[WHAT YOU NEED TO DO] Omitting any pictures, transcribe the entries below exactly.

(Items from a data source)

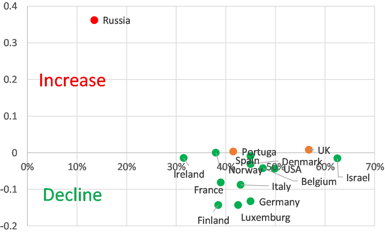 June % change in peak COVID-19 mortality vs. vaccination rate in 15 countries most affected by the delta variant.
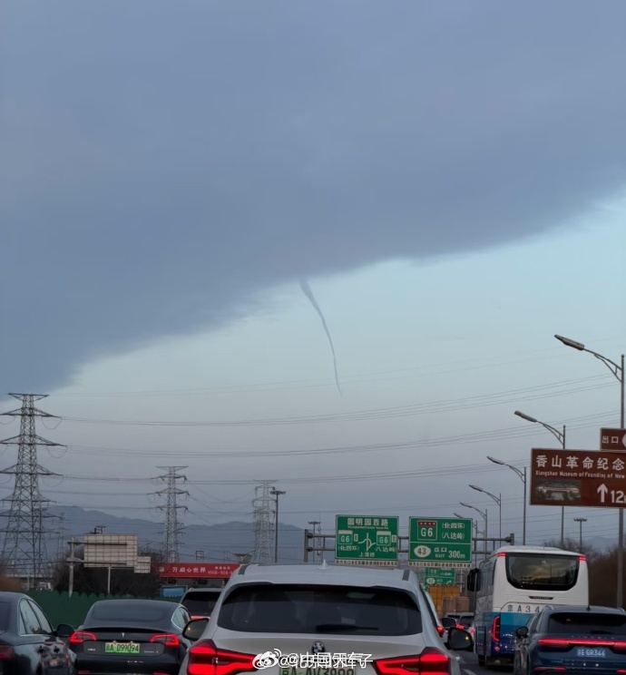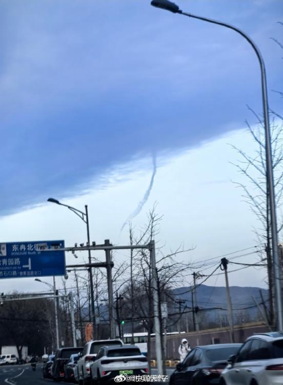 不少网友今天早上拍到北京西边方向天空有疑似“龙卷风”,这到底是啥?中国天气首席气象分析师信欣表示,这可能是云里有些垂直切变形成的漏斗云,不过没接地,应该不算龙卷。
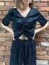 艶感があり、フロントギャザーが上品に見せてくれて女性らしさをアップさせてくれるトップスです! ギャザー部分は調整できるのでお好きな丈感でしぼってご着用いただけます♩ キツめにしぼる事でさりげない肌見せから、ウエストラインを華奢にキレイに見せてくれるので着痩せ効果も◎です! サラッとしてる薄手の生地感なので、これからの季節にピッタリ! ラフなパンツにはトレンドのステッチサンダルが今年っぽいイメージで着こなせておすすめです! ヒールもあるのに傾斜もなく、とにかく軽いので履き心地抜群です❤︎ ボトムスはハイウエストのデニムなどのスタイルアップコーデもおすすめです♩
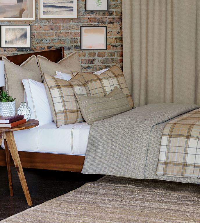 The Aldrich Bedding set is made from a refined blend of materials that emphasize both comfort and classic elegance. It features a combination of smooth cottons and textured linens, offering a soft hand feel with a tailored look. Subtle woven patterns and coordinating fabrics add depth and dimension, while the use of high-quality, durable materials ensures long-lasting style. Finished with fine details like contrast piping and decorative trims.
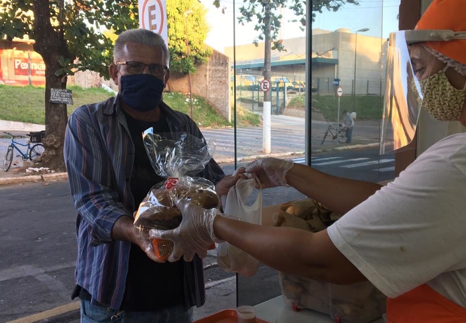 Para evitar aglomeração de pessoas, as refeições são fornecidas em embalagens para que as pessoas possam pegar e comer em outro lugar.
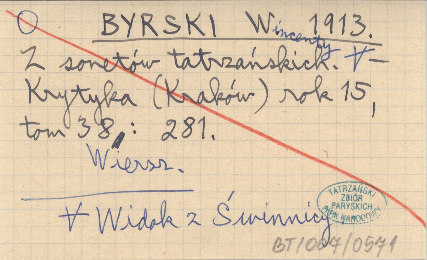 Krytyka (Kraków) , R. 15, t. 38: 281. Wiersz.
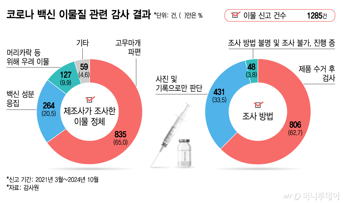 그러면서 "이물 신고된 1285건의 백신은 1건도 접종된 바 없으며, 해당 백신과 동일 제조번호의 백신도 조사결과 제품을 회수할 정도의 안정성 문제는 없는 것으로 나타났다"고 했다.
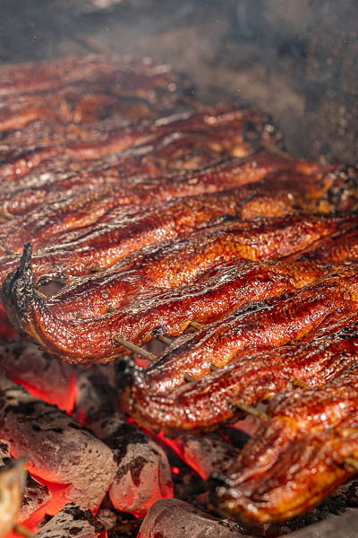 調理法は、関西風の地焼き。活うなぎを一尾ずつ腹開きし、金串を打ち、蒸さずに高火力の備長炭で焼き上げます。外はパリッと香ばしく、中はふっくらと綺麗に仕上げるのが職人の腕の見せ所です。

[RESPONSE FOR THIS EXERCISE]
 June % change in peak COVID-19 mortality vs. vaccination rate in 15 countries most affected by the delta variant.
 不少网友今天早上拍到北京西边方向天空有疑似“龙卷风”,这到底是啥?中国天气首席气象分析师信欣表示,这可能是云里有些垂直切变形成的漏斗云,不过没接地,应该不算龙卷。
 艶感があり、フロントギャザーが上品に見せてくれて女性らしさをアップさせてくれるトップスです! ギャザー部分は調整できるのでお好きな丈感でしぼってご着用いただけます♩ キツめにしぼる事でさりげない肌見せから、ウエストラインを華奢にキレイに見せてくれるので着痩せ効果も◎です! サラッとしてる薄手の生地感なので、これからの季節にピッタリ! ラフなパンツにはトレンドのステッチサンダルが今年っぽいイメージで着こなせておすすめです! ヒールもあるのに傾斜もなく、とにかく軽いので履き心地抜群です❤︎ ボトムスはハイウエストのデニムなどのスタイルアップコーデもおすすめです♩
 The Aldrich Bedding set is made from a refined blend of materials that emphasize both comfort and classic elegance. It features a combination of smooth cottons and textured linens, offering a soft hand feel with a tailored look. Subtle woven patterns and coordinating fabrics add depth and dimension, while the use of high-quality, durable materials ensures long-lasting style. Finished with fine details like contrast piping and decorative trims.
 Para evitar aglomeração de pessoas, as refeições são fornecidas em embalagens para que as pessoas possam pegar e comer em outro lugar.
 Krytyka (Kraków) , R. 15, t. 38: 281. Wiersz.
 그러면서 "이물 신고된 1285건의 백신은 1건도 접종된 바 없으며, 해당 백신과 동일 제조번호의 백신도 조사결과 제품을 회수할 정도의 안정성 문제는 없는 것으로 나타났다"고 했다.
 調理法は、関西風の地焼き。活うなぎを一尾ずつ腹開きし、金串を打ち、蒸さずに高火力の備長炭で焼き上げます。外はパリッと香ばしく、中はふっくらと綺麗に仕上げるのが職人の腕の見せ所です。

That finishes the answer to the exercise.